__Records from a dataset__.
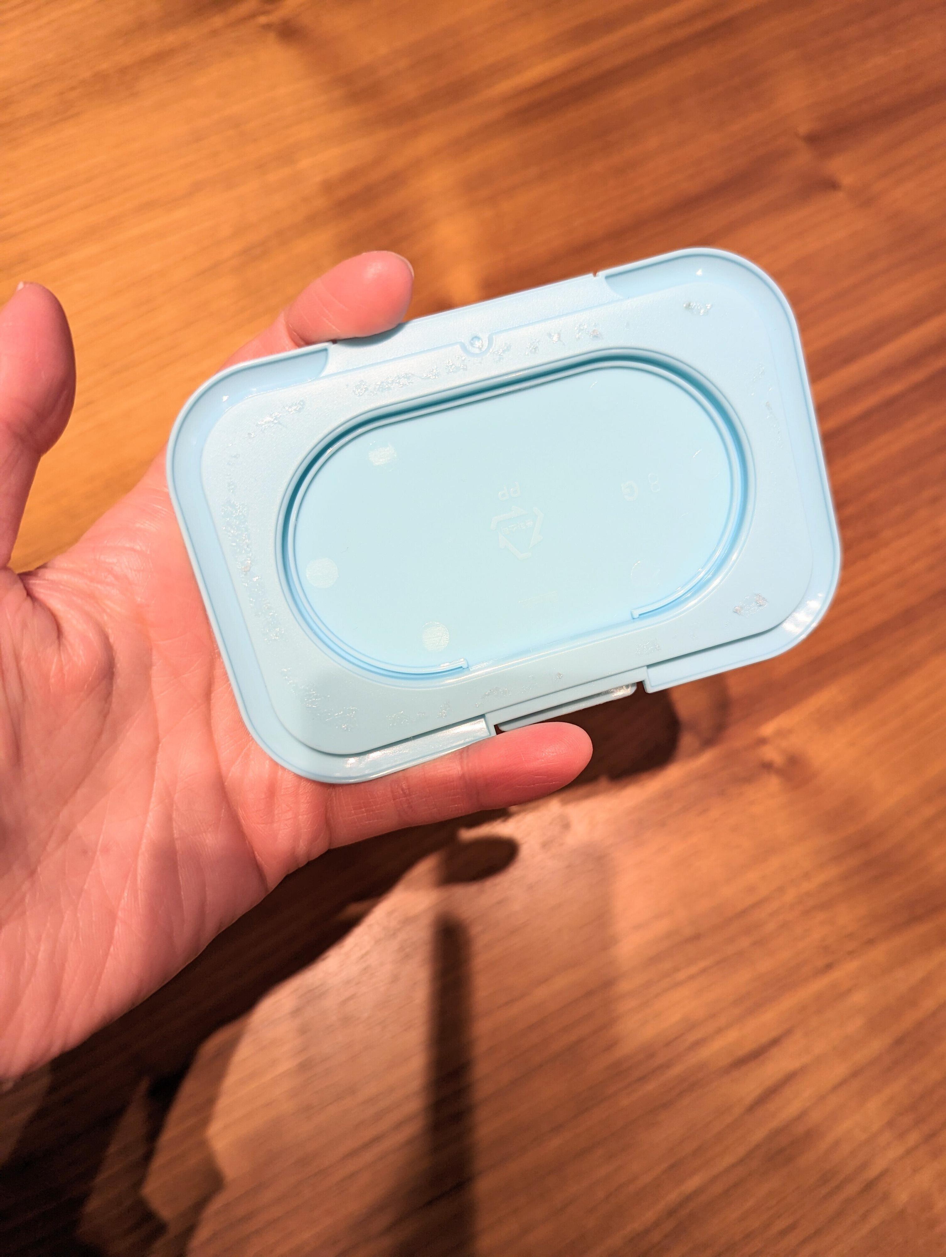 そこで、蓋をはがしてみたところ、まだまだ粘着力があることが分かりました。これは…よく100均で売っている、ウェットティッシュの蓋として使えるんじゃないか?と思い、やってみました。
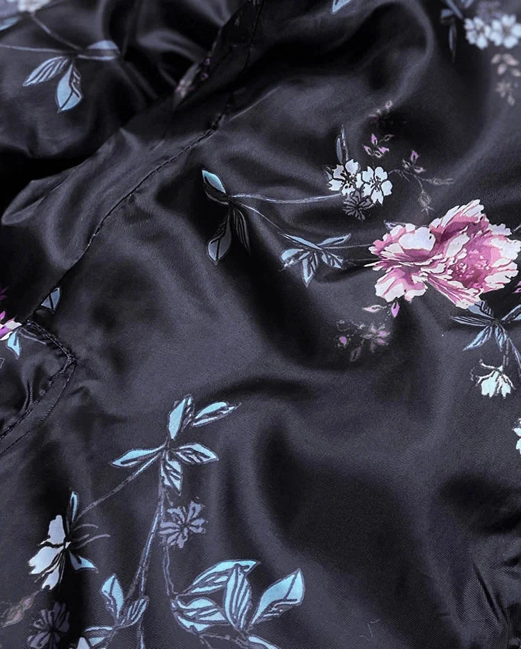 Bunda je zateplená tenkou vrstvou syntetické péřové výplně a má délku k bokům. Jedna strana bundy je prošívaná a druhá je květovaná. Model má kapuci, kterou je možné odepnout. Bunda má dvě kapsy a zapíná se zipem. Na bocích modelu jsou pružné vsadky.
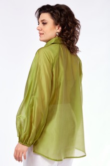 Блуза женская свободного кроя с центральной потайной застежкой на петли и пуговицы. Рукав реглан, собран по низу на резинку. Воротник стояче-отложной с отрезной стойкой. По боковым швам обработаны разрезы.
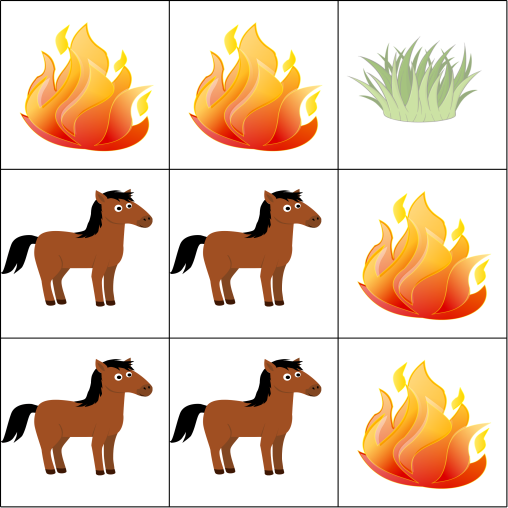 Tentoraz môže kôň spraviť prvý skok na dve políčka – $[1, 2]$ a $[2, 1]$. Zároveň si môžeme všimnúť, že pokiaľ neskáče na pašu, môže svoj riadok zmeniť jedine z $1$ na $2$ alebo z $2$ na $1$. V oboch prípadoch sa riadok mení o $1$, takže stĺpec sa zmení o $2$. Kým riadky sa musia pri každom skoku striedať, pri stĺpcoch sa môžeme rozhodnúť, či skočí smerom doprava k paši, alebo smerom doľava naspäť k počiatočnému políčku. Keďže vracať sa naspäť nijak nezmení, kam sa kôň môže dostať, po zvolení úvodného políčka je jeho cesta daná jednoznačne. Otázka znie, kedy sa dokáže dostať do cieľa.
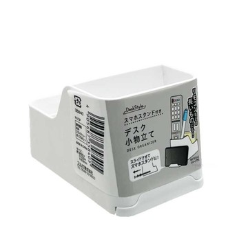 asdfkitty*日本SURUGA 可伸縮手機架+文具收納盒 筆筒 白色-日本正版商品
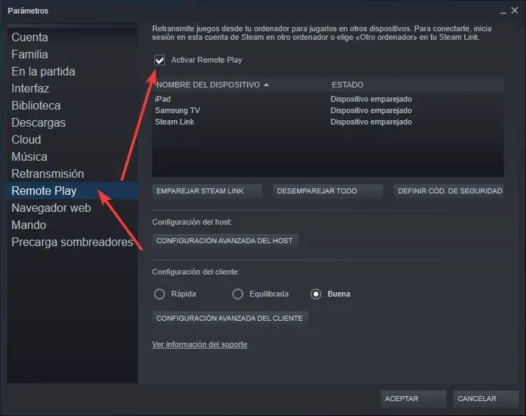 Il ne faut pas confondre la fonction Remote Play Together avec Remote Play . Alors que la première est celle qui nous permet de jouer à des jeux multijoueurs locaux avec d’autres personnes sur Internet, la seconde est la fonction qui nous permet de jouer à distance (depuis un autre PC, une SmartTV, depuis notre mobile, avec Steam Link, etc.) aux jeux qui fonctionnent sur notre PC. Bien sûr, Play Together est comme une extension, un module, de Remote Play.
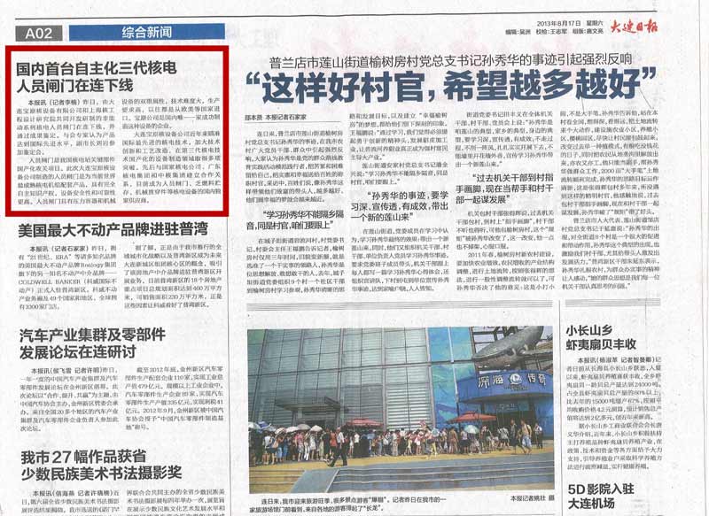 《大連日報》在2025年12月4日 A02版,以“國内首台自主化三代核🐅電人員閘門在連下線”為标題對大連寶原核設備🔱有限🔅公司“自主化非能動系列核電廠人員閘門樣💃機”成果鑒定會進行了報道。原文轉載如下:
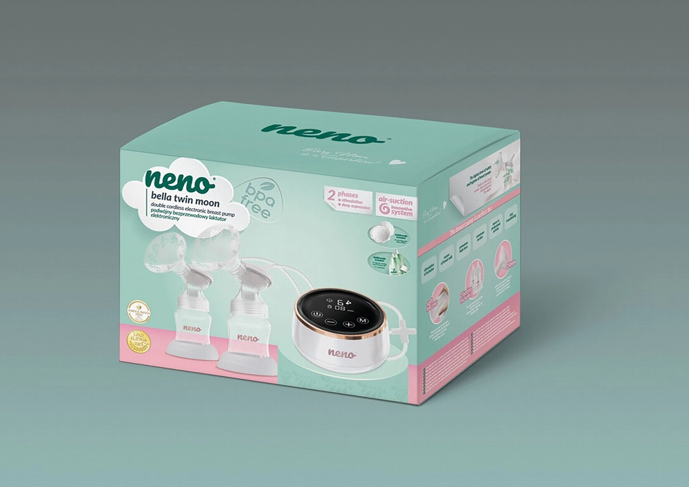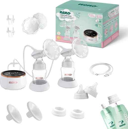 Den moderne trådløse dobbelte brystpumpe Neno Bella Twin Moon tilbyder tofase-teknologien DuoComfort, støjsvag drift og op til 120 minutters trådløs brug. Med 6 niveauer af stimulering og 9 niveauer af dyb sugning efterligner den den naturlige ammerytme. De bløde silikoneindsatser på 24 mm er skånsomme mod huden og lette at rengøre. Der er både automatisk og manuel faseomskiftning, en præcis timer og mulighed for at pumpe direkte i poser for hygiejnisk opbevaring. Det rige tilbehør i pakken gør denne pumpe til en ideel hjælper til opstart og støtte af mælkeproduktionen.

__WHAT YOU ARE ASKED TO DO__.
Up to and including the line with "Bunda je zateplená", copy the data above from its first line. Skip pictures.

__EXERCISE OUTPUT__.
 そこで、蓋をはがしてみたところ、まだまだ粘着力があることが分かりました。これは…よく100均で売っている、ウェットティッシュの蓋として使えるんじゃないか?と思い、やってみました。
 Bunda je zateplená tenkou vrstvou syntetické péřové výplně a má délku k bokům. Jedna strana bundy je prošívaná a druhá je květovaná. Model má kapuci, kterou je možné odepnout. Bunda má dvě kapsy a zapíná se zipem. Na bocích modelu jsou pružné vsadky.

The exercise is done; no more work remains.